PROBLEM REQUIREMENTS
Transcribe the listing below exactly, leaving out each image.

SUPPLIED INFORMATION
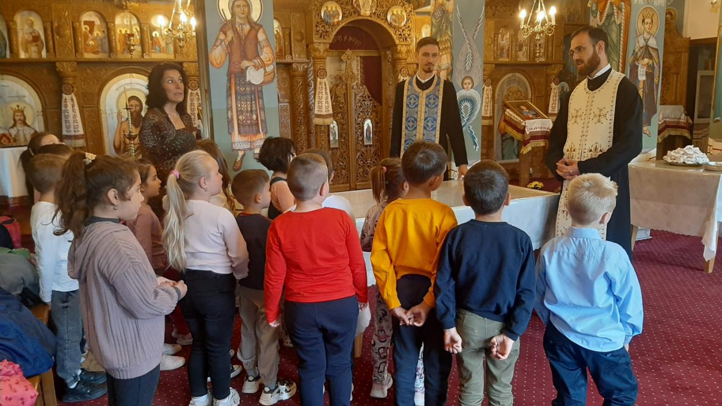 Micii școlari, însoțiți de doamna educatoare Livia Grădinaru și de doamna învățătoare Raluca Alexandra Cosăcea, au poposit dis-de-dimineață în lăcașul de cult, participând la Sfânta Liturghie, oficiată de părintele Iulian Botezatu și de părintele Florin Robert Blănaru, profesorul lor de Religie.
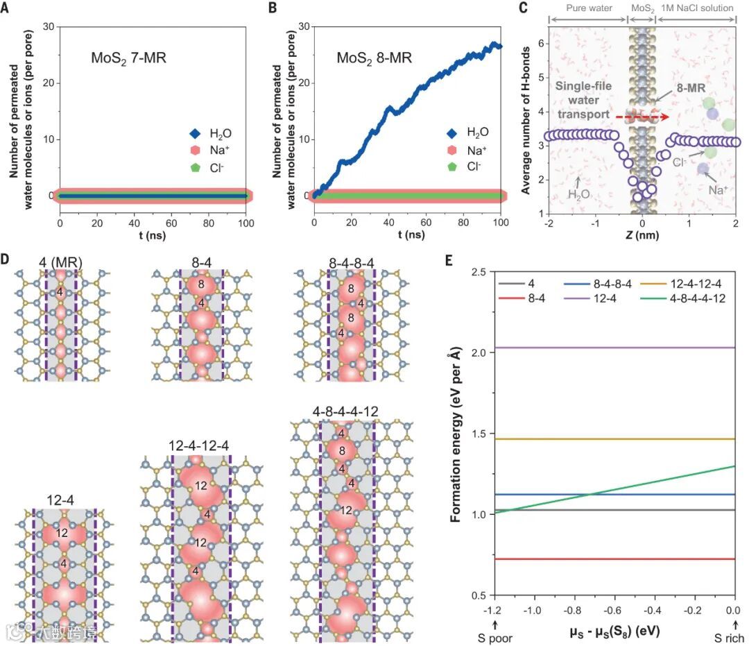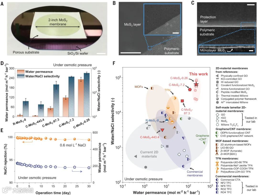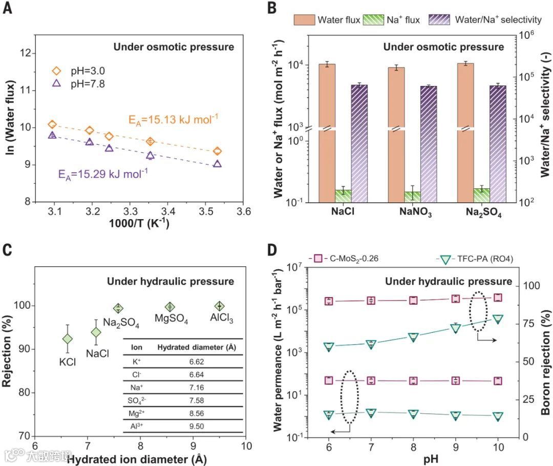 图3 | C-MoS₂膜的水-离子分离。
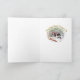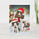 Épagneul de springer anglais de fête dans la vitesse de vacances contre un contexte de neige d'hiver dans cette carte de Noël de conception de Friskybizpet.
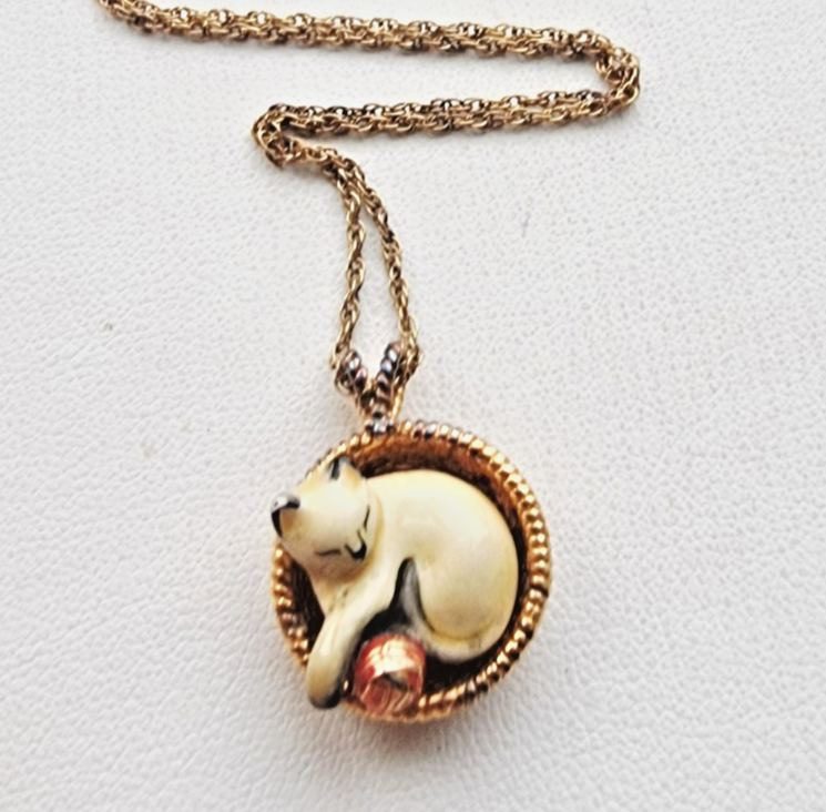 Franklin Mint Diamond Enamel Cat Sterling Silver 925 Vermeil VTG Necklace 1989

ANSWER SECTION
 Micii școlari, însoțiți de doamna educatoare Livia Grădinaru și de doamna învățătoare Raluca Alexandra Cosăcea, au poposit dis-de-dimineață în lăcașul de cult, participând la Sfânta Liturghie, oficiată de părintele Iulian Botezatu și de părintele Florin Robert Blănaru, profesorul lor de Religie.
 图3 | C-MoS₂膜的水-离子分离。
 Épagneul de springer anglais de fête dans la vitesse de vacances contre un contexte de neige d'hiver dans cette carte de Noël de conception de Friskybizpet.
 Franklin Mint Diamond Enamel Cat Sterling Silver 925 Vermeil VTG Necklace 1989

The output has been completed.